If your stressful work place is also a toxic workplace, your challenges are magnified. The signs of a toxic workplace can include an unpredictable and domineering or controlling boss, an atmosphere of expectations that are not possible to meet, lack of tolerance for mistakes and, most of all, the experience that you are not empowered to effect positive change within the organization. In such circumstances, the moments of joy, satisfaction, laughter, creativity and vitality are hard to come by.
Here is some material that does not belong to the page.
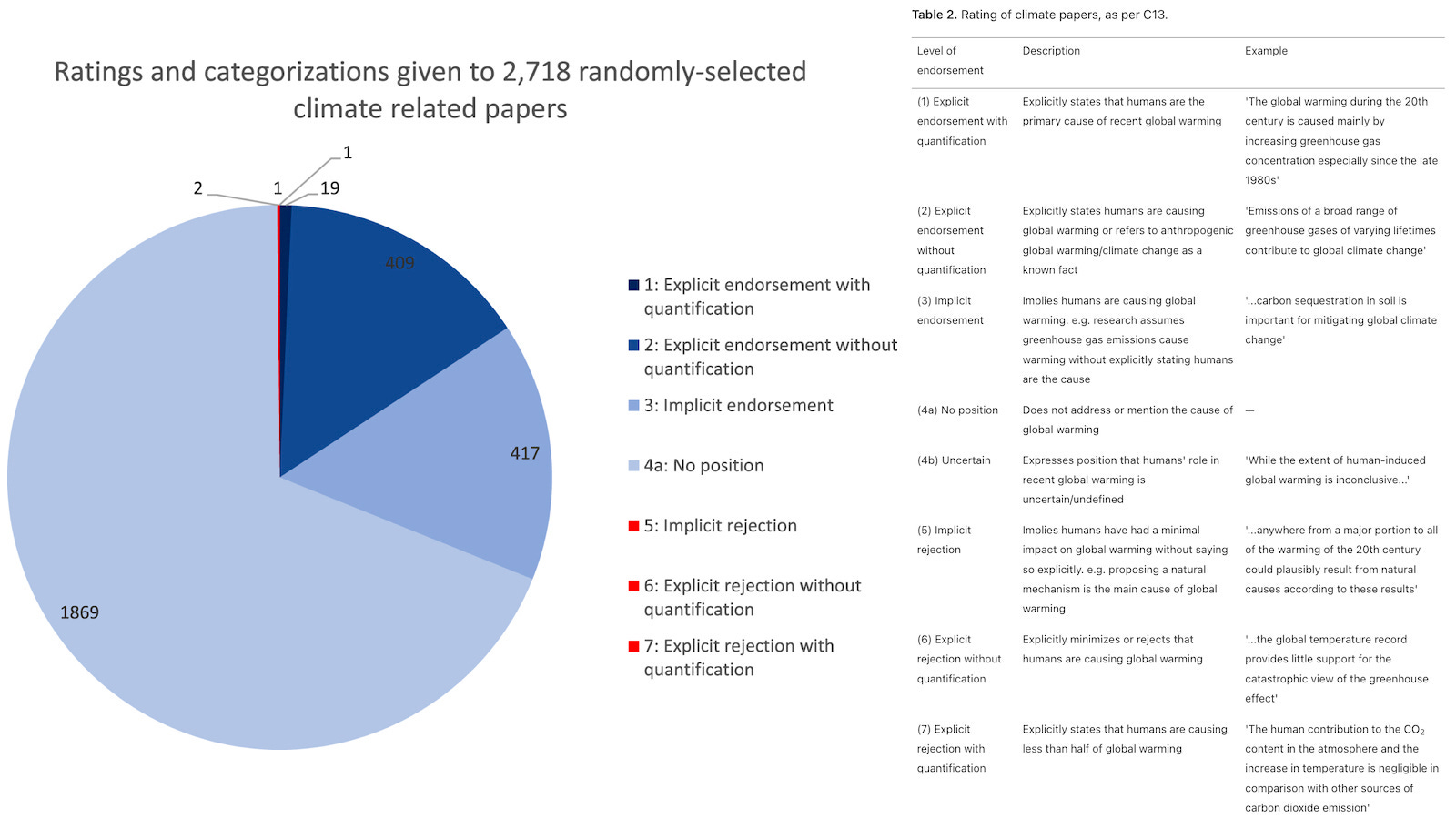 The 2021 paper found that an overwhelming number of papers sampled agreed with the human impact on global warming, but most would not even quantify the human share of warming.
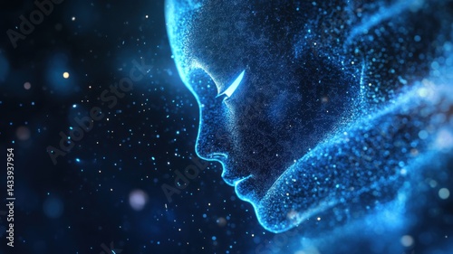 A mystical, glowing silhouette of a face composed of shimmering particles against a dark background, evoking a sense of depth and beauty.

Short of leaving such a situation (a choice that may be complicated due to many reasons including the current economy) you can still benefit from learning methods to minimize your own stress. For example, while you cannot control the actions of others, you can certainly make an honest self-assessment and begin to adjust your own outlook. For example, are you the kind of person who believes you need to resolve all the difficulties in your workplace? If so, you may be able to help yourself by rethinking the fit between yourself and the place where you work. Maybe you are internalizing more than you need to.
Perhaps this is a time to invest in your own development; for example, taking a college course, improving your computer skills or working with a job or career coach. You may also consider seeking out counseling or psychotherapy to further develop your psychological strengths and address your vulnerabilities. Explore a personal interest—take that yoga, dance or cooking class that you always meant to do, or learn to play a musical instrument.
Breaking the stress habit
I encourage my patients to experiment with a number of techniques that have been shown to ease the symptoms of stress and to evoke the relaxation response—a set of physiological changes that counteract the “fight or flight” reaction by reducing stimulation to certain parts of the hypothalamus. These techniques include diaphragmatic breathing, progressive muscular relaxation, mindfulness or meditation, and guided imagery. With time, any one of these activities can help you restore a sense of balance and reduce the deleterious effects of work-related stress on your body and mind.
The point is that rather than trying to significantly change the environment where you work—an impossible order for most of us—you can increase your chances of minimizing workplace stress by taking steps to develop yourself.
Take some time to clarify what exactly makes your work environment toxic or stressful and look closely at each factor. You may be surprised that it is just one or two scenarios that have a consistently negative effect on you. Once you have narrowed them down, then try to problem solve for each one. For example, if your boss is a stickler for following protocol on some days, and more relaxed about rules and regulations on others, then make sure you stick to the book. Always. You will eliminate such uncertainty, avoid a distressing response from your boss, and reduce the likelihood of triggering your stress response.
You can also ask yourself important questions about the factors that keep you working in a particular job that may be stressful. Can they be changed? This is also an excellent time to reevaluate your personal values and professional goals. Do you want to continue in a particular organization or career path? Is your work and work environment aligned with your values?
Your most important goal should be reaching a place where you can empower yourself and maintain a sense of balance and health. Good and bad economies come and go. Either way, the workplace will always present the kinds of challenges that can contribute to unhealthy stress. Many factors contribute to stress on the job, and some are simply not within your sphere of control. Fortunately, your ability to change the way you react is not one of them.